Your copy of the data should match it exactly, except that the pictures are gone.

.....

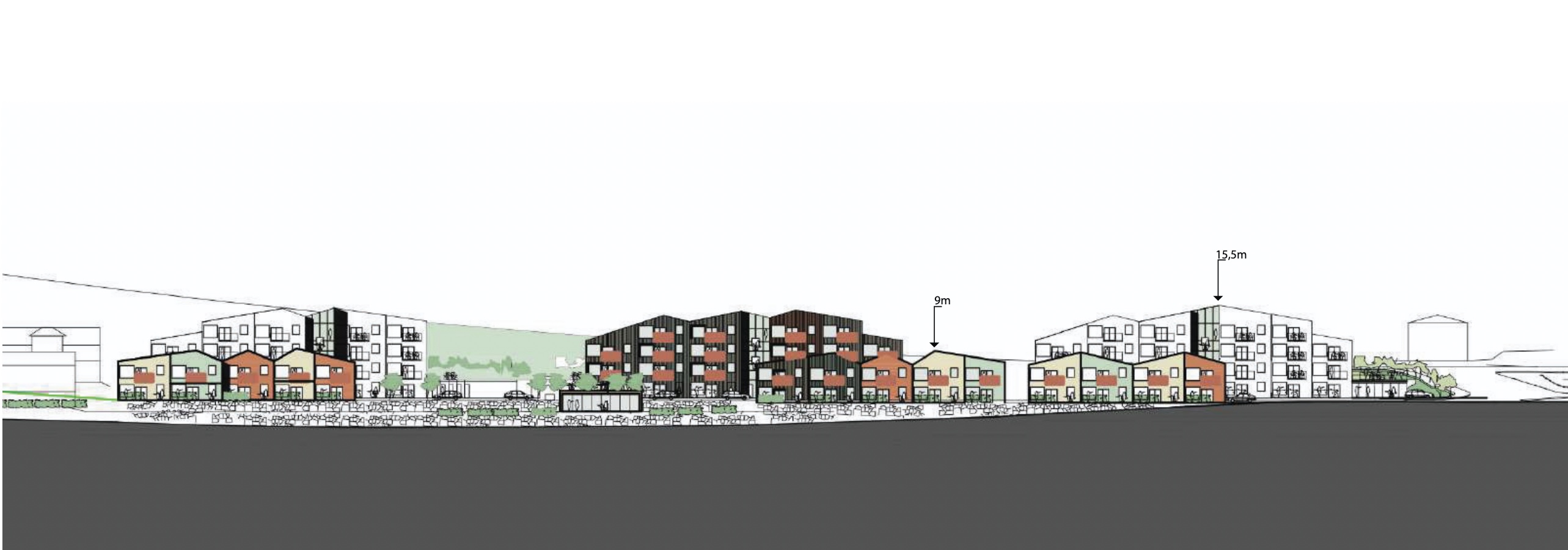 Sambært byggisamtyktini kann byggjast báðu megin nýggja bústaðarvegin, hægri bygnigar oman fyri vegin og lægri bygningar niðanfyri vegin.
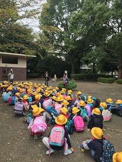 1年生が祖師谷公園に到着しました。頑張って歩きましたね。
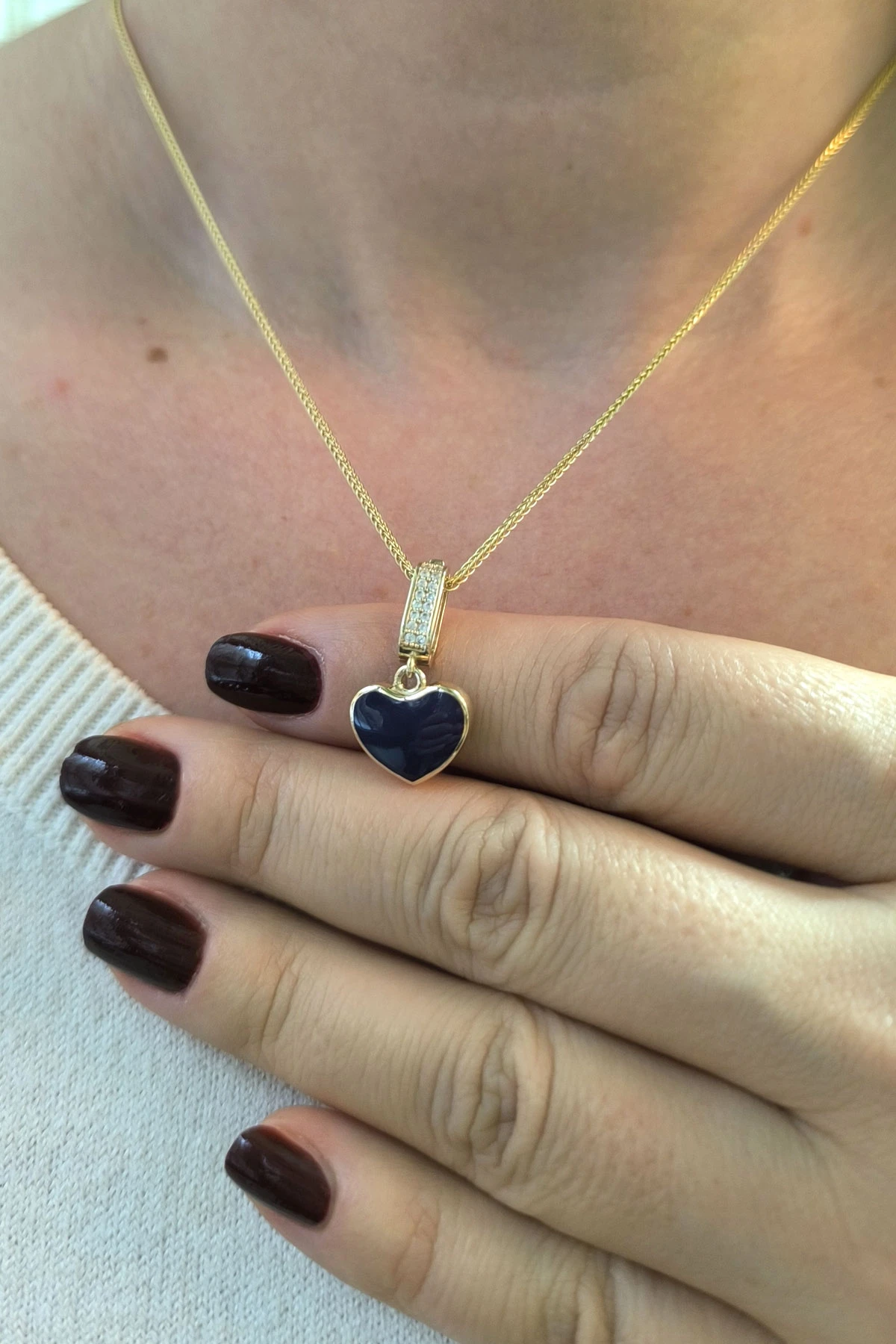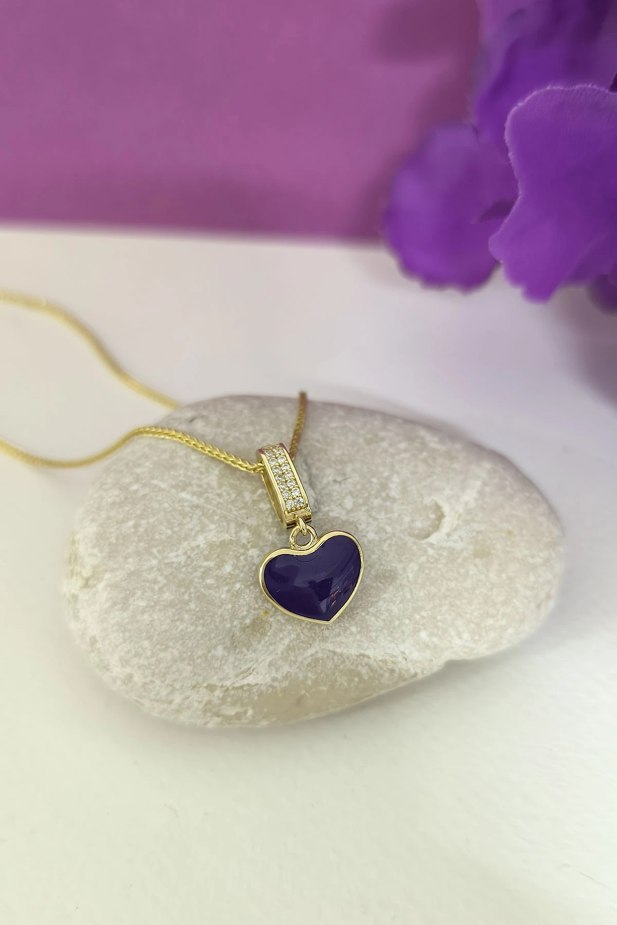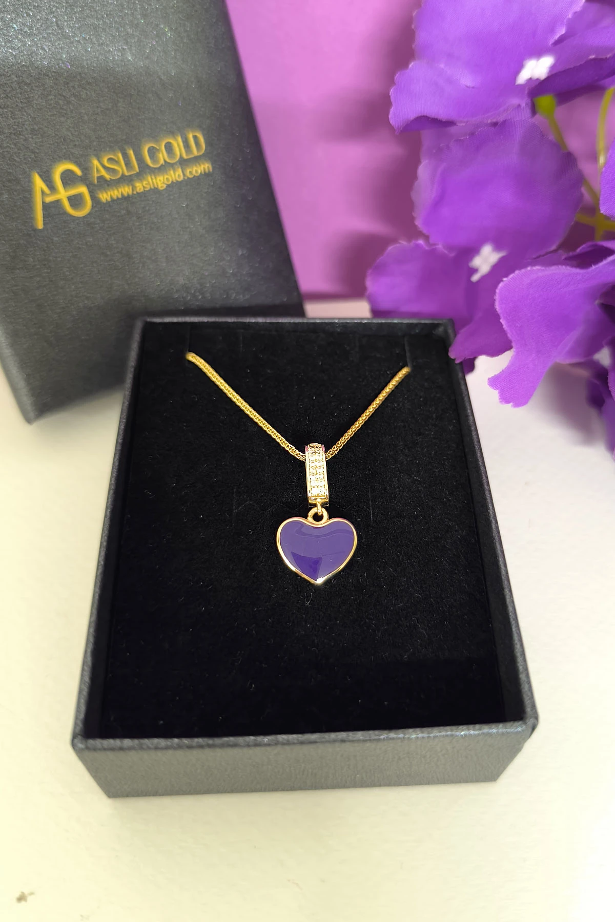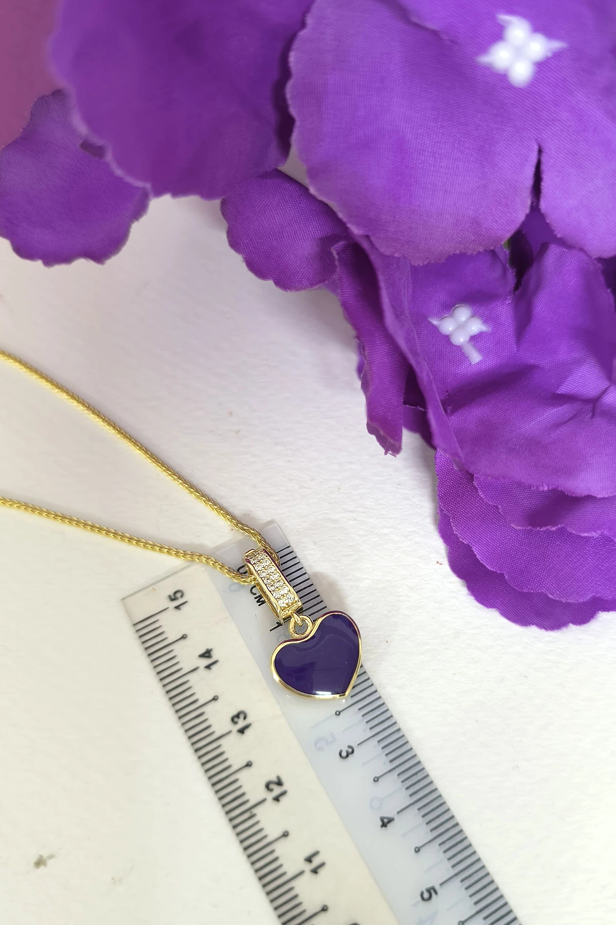 2.5 Cm Boyunda Kendinden 45 Cm Zincirli 14 Ayar Mor Mineli Renkli Spor Tasarıma Sahip Işıl Işıl Günlük Kullanıma Uygun 4.00 Gr. Ağırlığında Altın Kalpli Kolye.
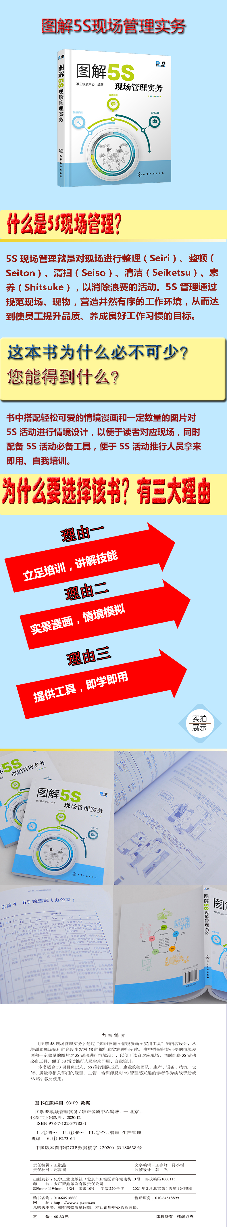 《图解5S现场管理实务》通过“知识技能+情境漫画+实用工具”的内容设计,从培训和现场执行的角度出发对5S的推行和实施进行阐述。书中搭配轻松可爱的情境漫画和一定数量的图片对5S活动进行情境设计,以便于读者对应现场,同时配备5S活动必备工具,便于5S活动推行人员拿来即用、自我培训。
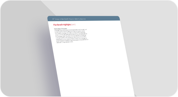 AF™ Group Limited Bene昀椀t Hospital Indemnity Insurance Plan Benefit Highlights (cont.) Termination of Insurance Coverage for you and your covered dependent(s) may be continued during a layoff or leave of absence for up to a maximum period of 3 months. Coverage will continue as long as the group policy remains in force, the premiums are paid and you remain eligible for the coverage under the policy. Your coverage will end when you no longer qualify as an insured, you retire, you are not on active employment, or your employment terminates. Your coverage can be terminated or premiums may be increased on any premium due date with 31 days advance notice. American Fidelity Assurance Company 9000 Cameron Parkway, Oklahoma City, Oklahoma 73114 800-662-1113 • americanfidelity.com SB-32381(IN)(AFES)-0720 Policy Form Series: G1402
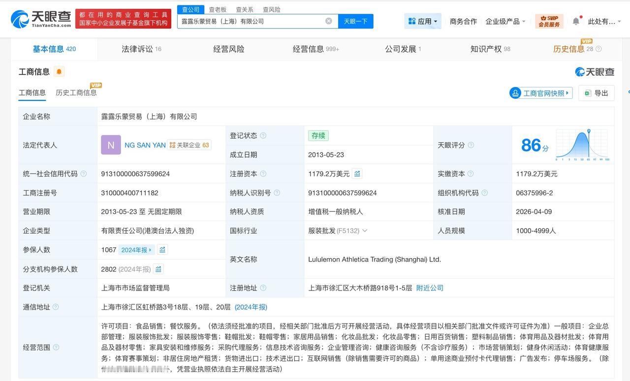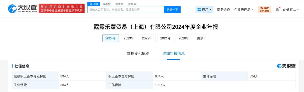 天眼查App显示,Lululemon中国关联公司露露乐蒙贸易(上海)有限公司成立于2013年5月,法定代表人为NG SAN YAN,注册资本1179.2万美元,经营范围包括食品销售、餐饮服务、企业总部管理等。股东信息显示,该公司由LULULEMON HK LTD.全资持股。风险信息显示,该公司曾涉及多起诉讼,案由涉及买卖合同纠纷、产品责任纠纷等。值得一提的是,年报信息显示,2016年至2024年,该公司参保人数8年涨近40倍。
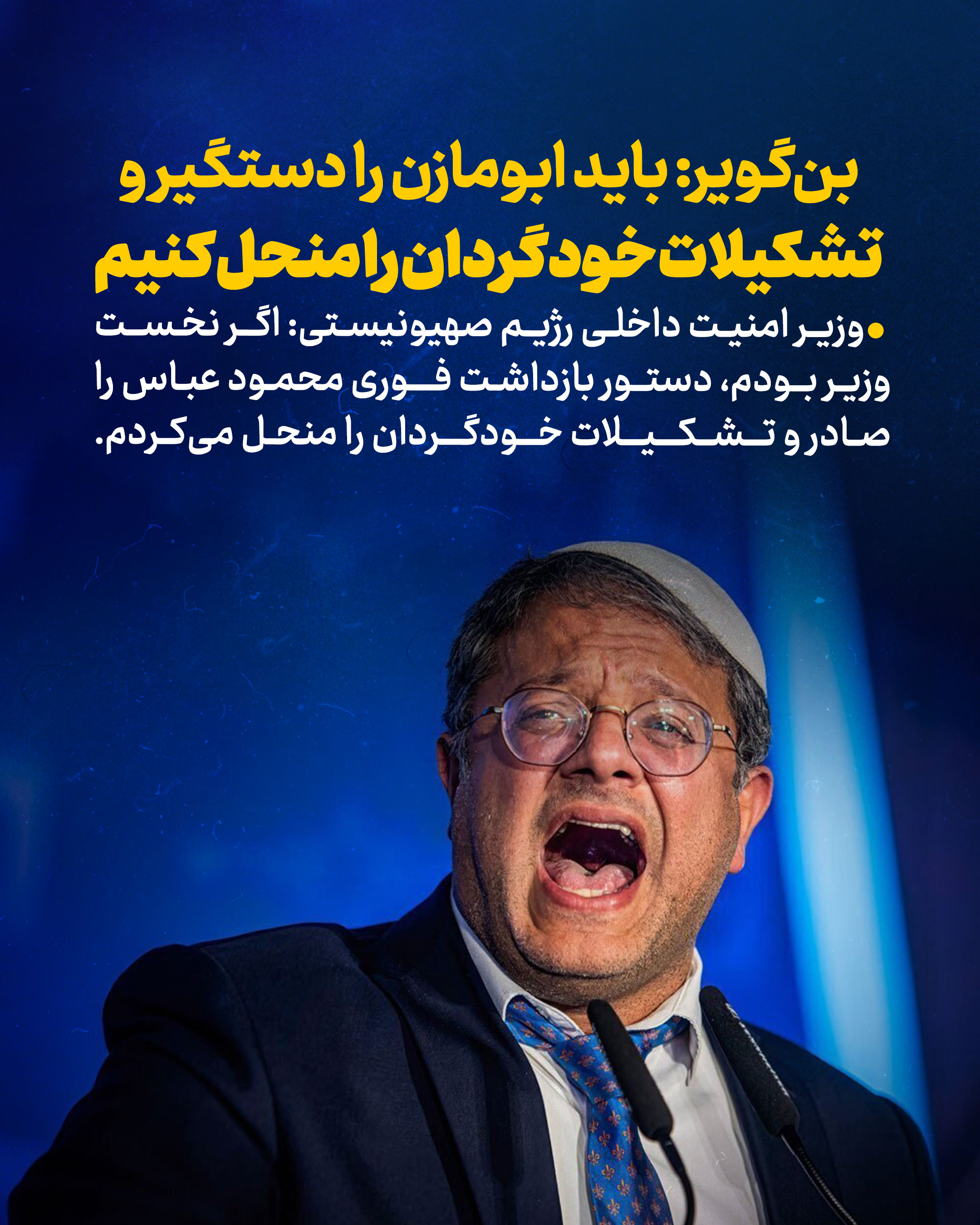 بن گویر: باید ابومازن را دستگیر و تشکیلات خودگردان را منجل کنیم

.....

▶ Output below:
 Sambært byggisamtyktini kann byggjast báðu megin nýggja bústaðarvegin, hægri bygnigar oman fyri vegin og lægri bygningar niðanfyri vegin.
 1年生が祖師谷公園に到着しました。頑張って歩きましたね。
 2.5 Cm Boyunda Kendinden 45 Cm Zincirli 14 Ayar Mor Mineli Renkli Spor Tasarıma Sahip Işıl Işıl Günlük Kullanıma Uygun 4.00 Gr. Ağırlığında Altın Kalpli Kolye.
 《图解5S现场管理实务》通过“知识技能+情境漫画+实用工具”的内容设计,从培训和现场执行的角度出发对5S的推行和实施进行阐述。书中搭配轻松可爱的情境漫画和一定数量的图片对5S活动进行情境设计,以便于读者对应现场,同时配备5S活动必备工具,便于5S活动推行人员拿来即用、自我培训。
 AF™ Group Limited Bene昀椀t Hospital Indemnity Insurance Plan Benefit Highlights (cont.) Termination of Insurance Coverage for you and your covered dependent(s) may be continued during a layoff or leave of absence for up to a maximum period of 3 months. Coverage will continue as long as the group policy remains in force, the premiums are paid and you remain eligible for the coverage under the policy. Your coverage will end when you no longer qualify as an insured, you retire, you are not on active employment, or your employment terminates. Your coverage can be terminated or premiums may be increased on any premium due date with 31 days advance notice. American Fidelity Assurance Company 9000 Cameron Parkway, Oklahoma City, Oklahoma 73114 800-662-1113 • americanfidelity.com SB-32381(IN)(AFES)-0720 Policy Form Series: G1402
 天眼查App显示,Lululemon中国关联公司露露乐蒙贸易(上海)有限公司成立于2013年5月,法定代表人为NG SAN YAN,注册资本1179.2万美元,经营范围包括食品销售、餐饮服务、企业总部管理等。股东信息显示,该公司由LULULEMON HK LTD.全资持股。风险信息显示,该公司曾涉及多起诉讼,案由涉及买卖合同纠纷、产品责任纠纷等。值得一提的是,年报信息显示,2016年至2024年,该公司参保人数8年涨近40倍。
 بن گویر: باید ابومازن را دستگیر و تشکیلات خودگردان را منجل کنیم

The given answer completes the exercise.